Busses cross Thailand and offer a wide range of comforts, from simple and non-air-conditioned to luxury "VIP" busses, which even offer a lunch at service areas. Pattaya, Trat, Hua Hin, Cha-Am, Ayutthaya and Kanchanaburi are favourite places that can be easily reach by coach - but you can also travel to Malaysia, Laos and Cambodia.

Styles of coaches are Local, Express (don't be deceived, they are low and cheap), Second Class (some have A/C), First Class (all have A/C), VIP and Supervip. There are three different mainline railway terminals in Bangkok, according to the destination you are travelling to: the Eastern and Central Buss Terminals, the Northeast and Northern Buss Terminals and the Southern Buss Terminal.

Local people suggest you buy your tickets at a coach terminal, as there are some fraud charges that are deducted by tugs and travel agents, especially in the beloved backpacking areas of Bangkok. When you' re on the road, you may not have a lot of options. However, for travel to places like Koh Samui, there are cheap flights from Bangkok that will take you directly to the isle.

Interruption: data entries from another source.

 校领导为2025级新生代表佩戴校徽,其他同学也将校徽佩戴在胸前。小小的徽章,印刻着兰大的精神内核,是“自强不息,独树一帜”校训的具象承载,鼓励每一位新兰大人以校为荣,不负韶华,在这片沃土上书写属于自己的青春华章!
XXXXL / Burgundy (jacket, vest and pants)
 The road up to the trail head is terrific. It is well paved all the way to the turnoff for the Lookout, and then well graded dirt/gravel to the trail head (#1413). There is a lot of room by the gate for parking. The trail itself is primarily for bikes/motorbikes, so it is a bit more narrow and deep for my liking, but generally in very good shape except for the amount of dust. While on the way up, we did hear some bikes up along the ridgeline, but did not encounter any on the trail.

It is not recommended to drive in the crowded cities of Bangkok or Chiang Mai, but in other areas it is an interesting alternative to rent a vehicle if you prefer to drive alone. The big landlords are all active in Thailand, among them Avis, Budget, National, Sixt and Hertz. We also have a number of Thailand hire agencies.

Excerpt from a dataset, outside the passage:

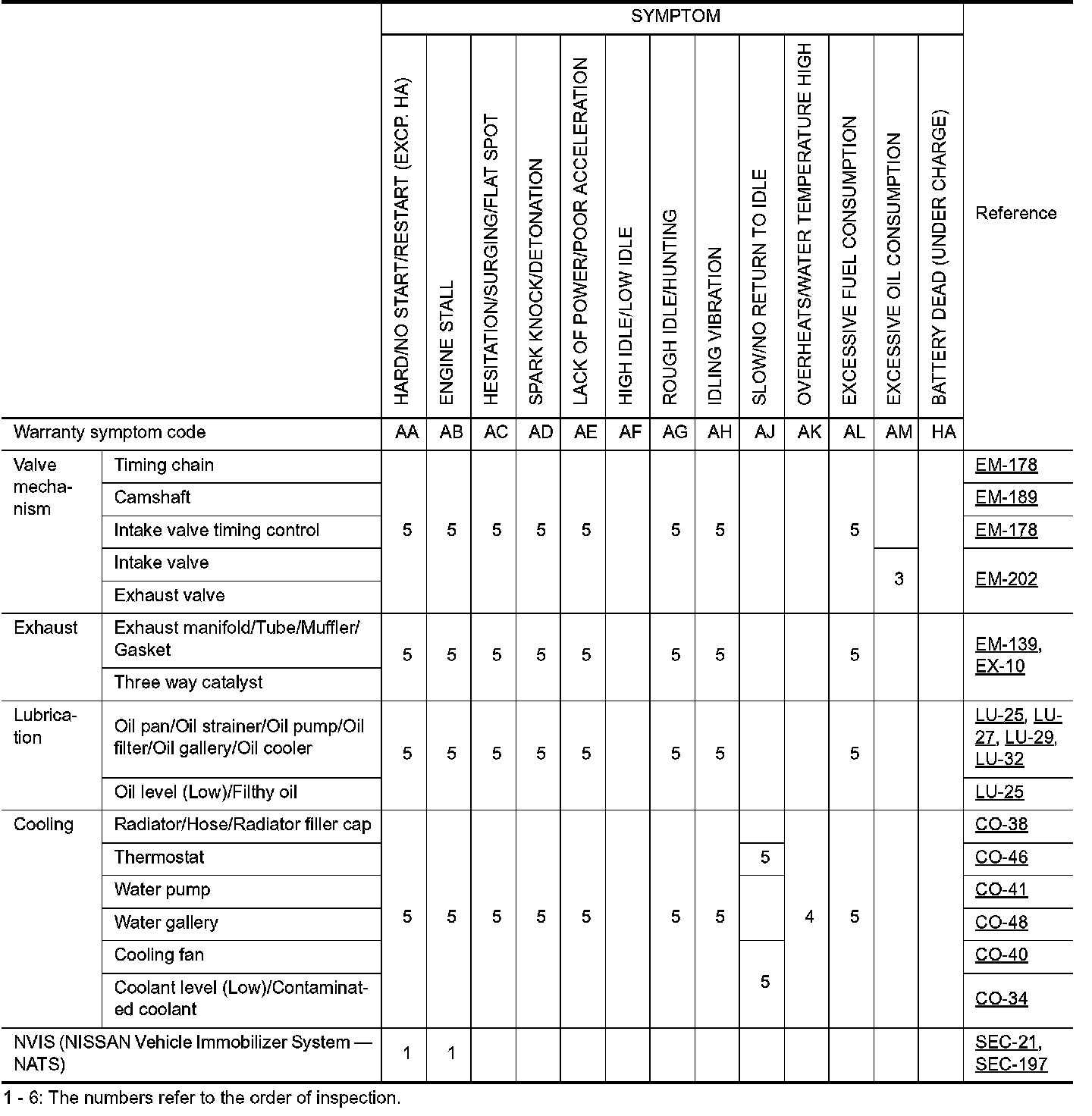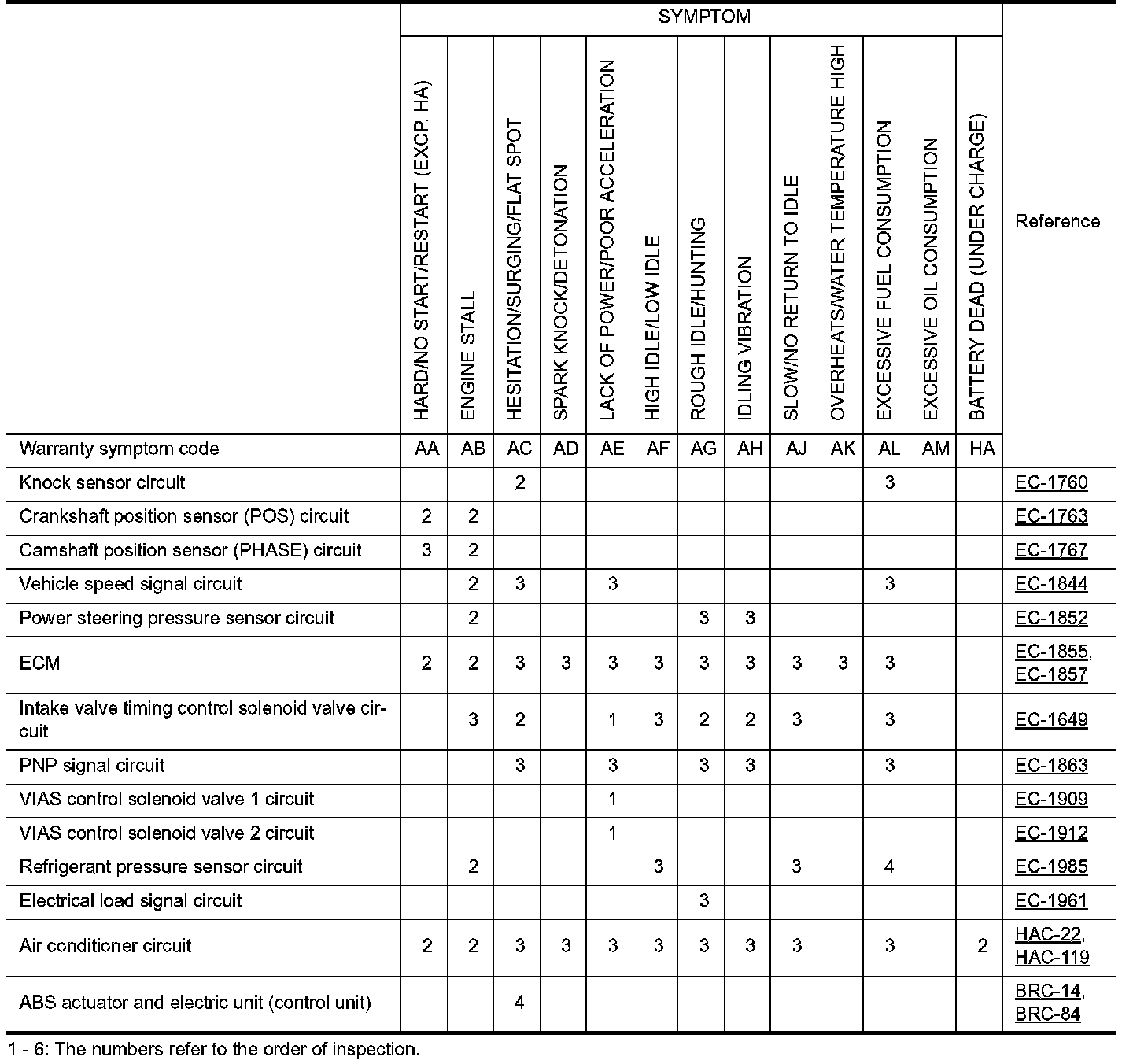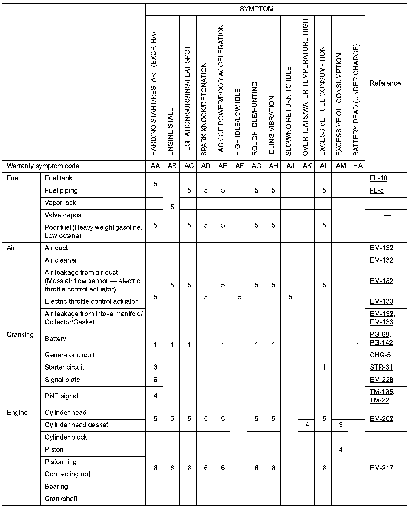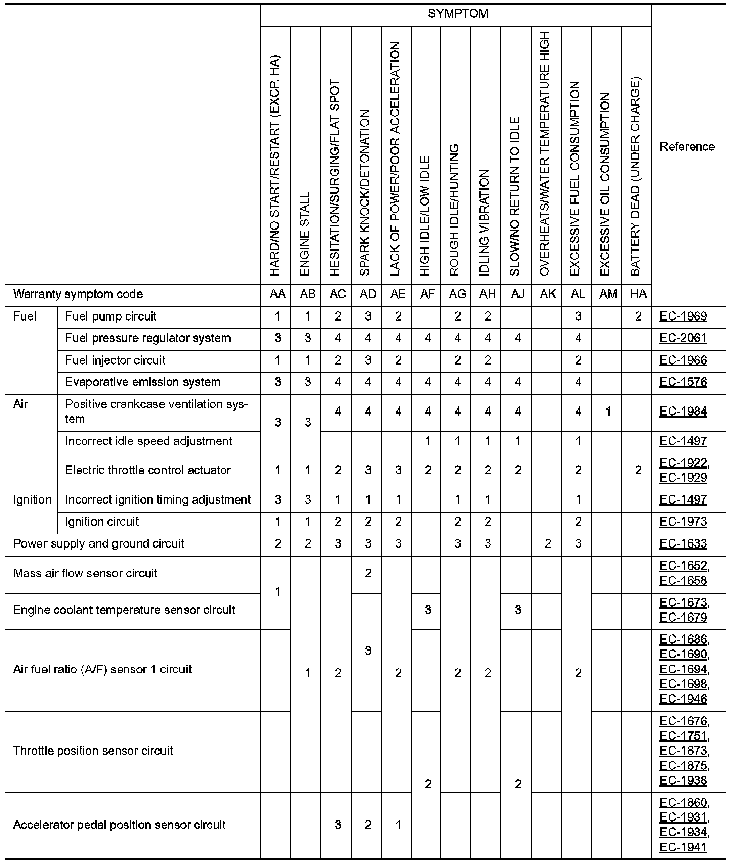 ENGINE CONTROL SYSTEM SYMPTOMS

While you may only be able to get away with your normal driving licence, if you hire from a landlord, you may be asked for an international driving licence, which you can obtain from the AAA office in the USA.

Ask your hirer about other limitations, such as regulations against riding on dirt road or beach. It' s common for you to have to hand in your pass when you rent a motorcycle. Tourism Thailand says motorcycle crashes are the main cause of death for foreign nationals in Thailand, and the streets of Koh Samui and Koh Phangan can be particularly hazardous.

There are many ways to get around Bangkok. Skytrain (also known as BTS) is the best and most effective way to get around Bangkok's nightmare of transport. Skytrain carriages are beautifully air-conditioned and take you to the creek, where you can change to a boat if you want to visit places of interest (such as the Royal Palace) that are not close to a Skytrain stop.

It is strongly recommended that you select a Skytrain stop in the immediate vicinity of the city. In Bangkok there is also a metro system, the MRT. It is as pure, contemporary and effective as the Skytrain, but we think it goes to less important tourist locations - and it has much fewer stations.

Skytrain and MRT are connecting at Asok station. Chao Phraya Express ferries run on the lively stream that crosses the town. There is a large landing stage for ferries and a ticketing stand at the Saphan Taksin stop (there are also some commercially available ferries operating here, so take a few minutes to clear things up).

Ships are not air-conditioned, but it is colder on the sea. The coaches are connected to all other public transport networks and offer different level of convenience and corresponding prices. The majority of cabs are air-conditioned, but make sure it works before you decide. Trishaw motorised tuk-tuks scurry through the town in a daring way.

The riders usually gather near the Skytrain stations or shops and usually carry colorful waistcoats with numbers. Often a hotel offers a pick-up and drop-off as well, but this costs more than a taxid. Chang-mai has a regional coach company, but in most other places tuk-tuks or song-thaew (pick-up truck with opposite seats in the background and a top over the head) are the most important means of transport.